The easiest way is to hook up the Tivo drive to the computer and if you use windows, use WinMFS. You would need to copy the drive, make backups, restore to the new drive. The Tivo will not format or install the drive on its own.

Using WinMFS, you can make a truncated backup copy which is the Tivo software and not recordings.

MFSlive.org has the programs to copy. With exception to WinMFS, the other programs will require you to make a CD to boot from and use linux commands.


----------



## steve614 (May 1, 2006)

If you're going to go to the trouble of doing an upgrade for a TivoHD, I would suggest using JMFS with a 2TB drive.
So simple, even *I* could do it!


----------



## unitron (Apr 28, 2006)

pdxpa said:


> I'm looking to upgrade my Tivo HD from a 160gb HD to a 500 or 1000gb.
> 
> 1) All the posts I've found on best drives to use are a few years old, any advice on what drive works best?
> 
> ...


Some HD owners have reported problems using recent model Seagates.

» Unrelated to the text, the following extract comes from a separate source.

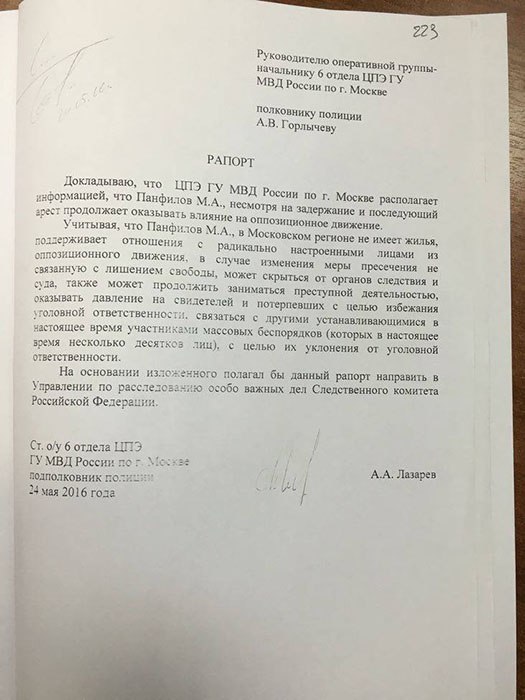 В документе отмечается, что Панфилов не имеет жилья в Москве, "поддерживает отношения с радикально настроенными лицами из оппозиционного движения, а также "может продолжить заниматься преступной деятельностью".

I tried a 2TB Seagate in an HD and had trouble but that might have been because I didn't do the upgrade completely correctly, so I can't state for an absolute fact that the drive was at fault.

I have a WD20EADS in there now and it's working fine. Others have reported success with the WD20EARS. I suspect the WD20EACS would also work just fine.

All should have Intellipark disabled with the wdidle3 utility first, however.

If you only want to go with a 1TB drive, then perhaps the WD10EACS, EADS, or EARS.

If you go with a 1TB, you can use WinMFS to copy and expand and set the swap partition size at 1000MB, and it will not leave any unused space at the end of the drive to become an Apple Free partition.

This will "future-proof" you to a degree. When drive prices come down you can use jmfs to copy that 1TB to a 2TB and add a 16th MFS media partition.


----------